■ Supplied information:
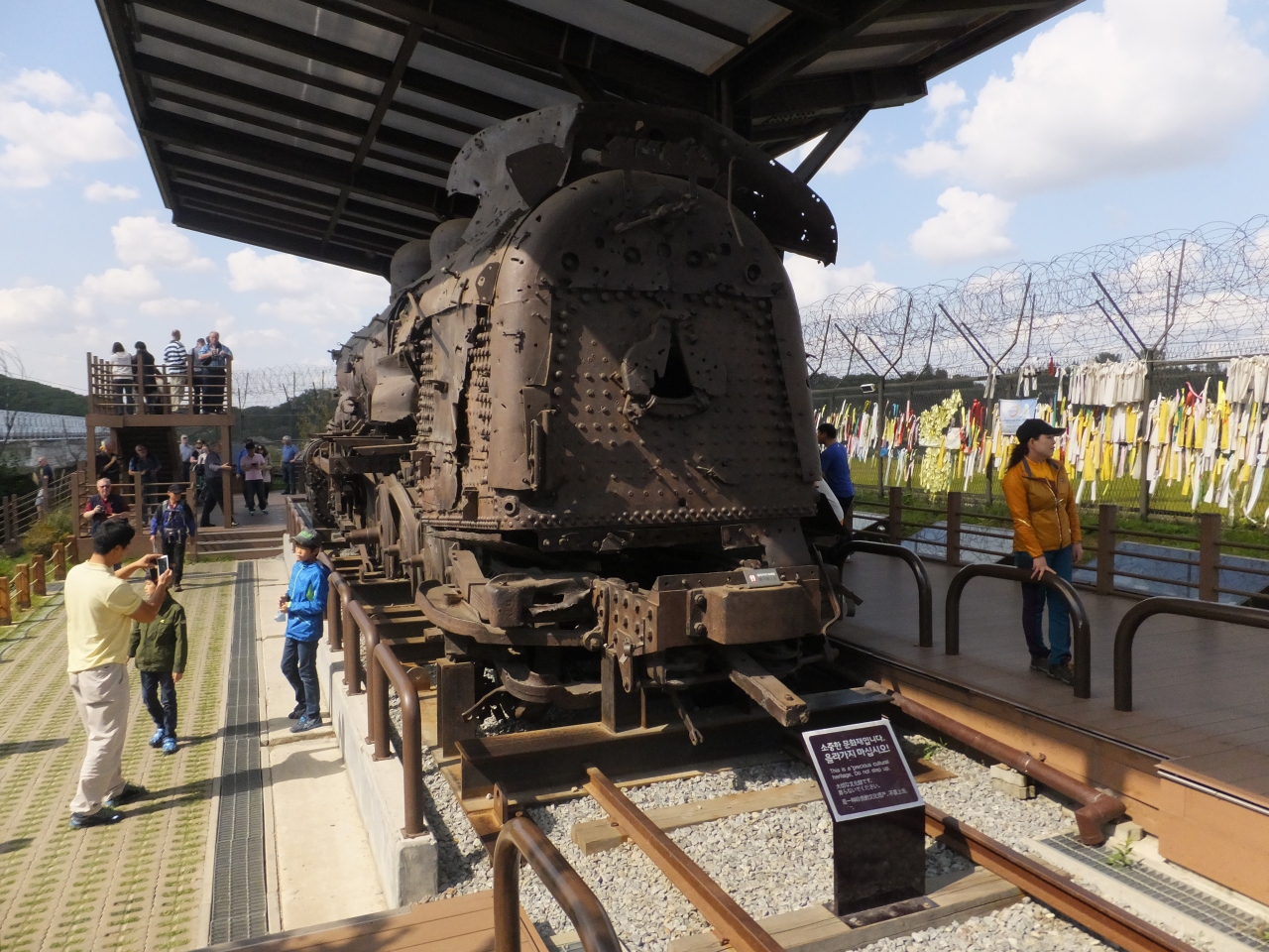 朝鮮戦争中に使われた機関車や、休戦協定締結後に捕虜が渡って帰って来た「自由の橋」などを見ることができました。
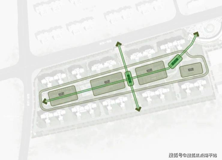 园区通过住宅楼栋围合形成东西向通廊庭院,打造“一环二轴多组团”的景观空间;“一环”是健康步道,连接各个景观区和休闲广场,每一次呼吸都是自然的馈赠;
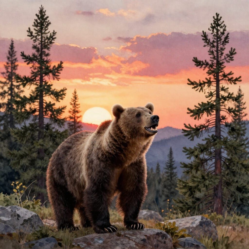 This image shows a solitary grizzly bear standing, roaring with teeth bared, in the Rocky Mountains at sunset. Tall pines frame the scene, with a vibrant, painterly sky. Rendered in a watercolor style.

■ Exercise prompt:
Retype all of the material above exactly; the pictures stay out.

■ Answer box:
 朝鮮戦争中に使われた機関車や、休戦協定締結後に捕虜が渡って帰って来た「自由の橋」などを見ることができました。
 园区通过住宅楼栋围合形成东西向通廊庭院,打造“一环二轴多组团”的景观空间;“一环”是健康步道,连接各个景观区和休闲广场,每一次呼吸都是自然的馈赠;
 This image shows a solitary grizzly bear standing, roaring with teeth bared, in the Rocky Mountains at sunset. Tall pines frame the scene, with a vibrant, painterly sky. Rendered in a watercolor style.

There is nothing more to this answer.